II. JURISDICTION AND VENUE
- This Court has jurisdiction under 28 U.S.C. §§ 1331, 1343, and 1367 because this case arises under federal civil rights and RICO statutes.
- Venue is proper under 28 U.S.C. § 1391(b) because all events occurred in Shelby County, Tennessee, and all Defendants reside or operate therein.
By linking campaign donations, legislative favors, and financial rewards, the complaint argues that the entire County Commission effectively functioned as a “criminal enterprise.”
The federal indictment of Commissioner Edmund Ford Jr. looms large in the background. In late February 2025, a grand jury charged Ford Jr. with bribery, kickbacks, and tax evasion related to funneling public funds to certain nonprofits and then siphoning money for himself. Prosecutors allege Ford steered roughly $250,000 in grants to organizations that, in turn, routed payments back to him – for example, by purchasing computers from his private company.
Kiner’s lawsuit brings to light a troubling revelation: of the six nonprofits handpicked by Commissioner Ford to receive a substantial $4 million in federal ARPA funds, Kiner’s public records request reveal, none of those six nonprofits have submitted the required quarterly reports detailing how those funds were spent—reports that are explicitly mandated by their contracts. The absence of financial documentation raises serious questions about whether the funds were diverted for personal or political gain. With no clear accounting, it is not out of the realm of possibility that kickbacks could have been funneled back to Ford or other commissioners, further eroding the public trust. This omission casts a shadow over the entire funding process, raising concerns about the potential misuse of taxpayer dollars and the unchecked power of elected officials in determining how and where those dollars flow.

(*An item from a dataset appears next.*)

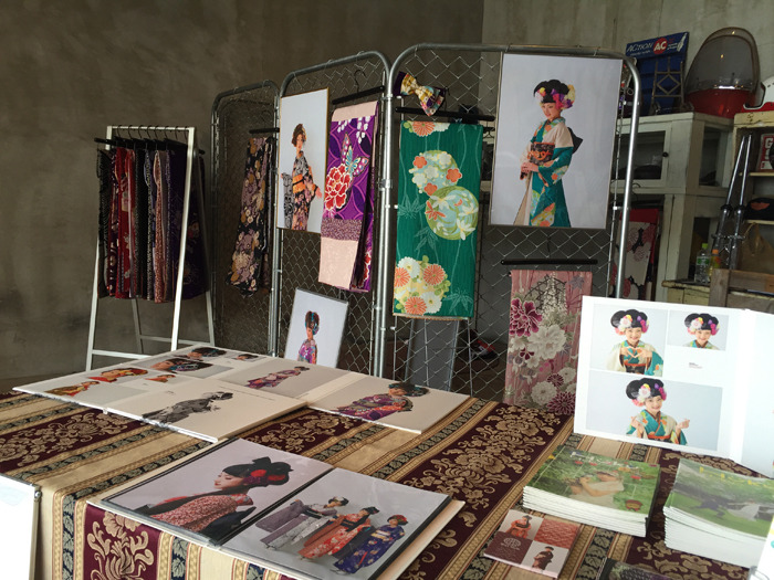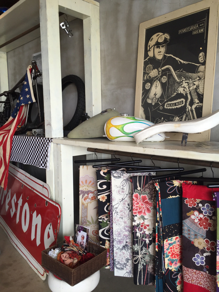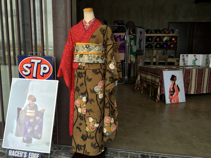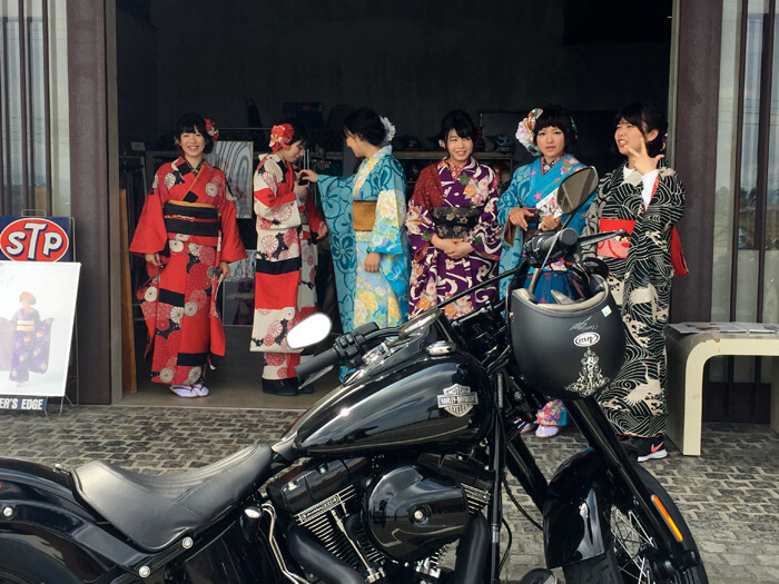 バイクのガレージですから・・もちろん普段はハーレーなどが止まっているのですが今回は・・振袖!!まわりお店のスタッフさん達や常連のお客さん達もびっくりしてました 笑

At its core, the case of Kiner v. Shelby County Government places the Constitution in conflict with the conduct of elected officials. When competitive grantmaking is replaced with loyalty tests, and transparency is treated as a nuisance rather than a mandate, the government risks becoming indistinguishable from the criminal enterprises it was designed to police. Kiner’s lawsuit is not merely a legal battle—it’s a call to rescue local governance from a corrosive culture of secrecy, favoritism, and unchecked political power.

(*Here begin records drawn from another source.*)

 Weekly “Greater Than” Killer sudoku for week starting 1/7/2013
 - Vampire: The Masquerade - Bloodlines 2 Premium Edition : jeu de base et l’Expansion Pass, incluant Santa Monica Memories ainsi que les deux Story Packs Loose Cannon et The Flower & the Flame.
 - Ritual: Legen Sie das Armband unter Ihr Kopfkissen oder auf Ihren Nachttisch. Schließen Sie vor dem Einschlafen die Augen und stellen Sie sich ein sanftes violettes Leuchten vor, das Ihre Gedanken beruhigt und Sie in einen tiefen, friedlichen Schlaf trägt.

Kiner’s lawsuit underscores what many in Shelby County have long suspected: that public office has been converted into private leverage. In a city grappling with generational poverty and institutional inequity, the misuse of federal ARPA funds and public ordinances becomes not just criminal financial malpractice, but a betrayal of public trust.
The National Implication Lens
While rooted in Memphis, Kiner’s suit resonates far beyond Tennessee. It taps into a bi-partisan national conversation about how public funds are distributed, who benefits, and what happens when political machines are left unchallenged. As similar dynamics unfold in cities across America, this case may serve as a legal blueprint for how to confront entrenched local corruption using the very tools designed to dismantle organized crime.
Impact On Shelby County
With federal indictments, falsified ordinances, and political donations tied to policy outcomes, Rev. Dr. Gerald Kiner’s RICO lawsuit could become the opening salvo in a broader reckoning. If successful, it won’t just expose corruption—it may force a redesign of how power, contracts, and public trust are negotiated in Shelby County. The question now is no longer whether corruption exists—but whether the system can finally be forced to confront it.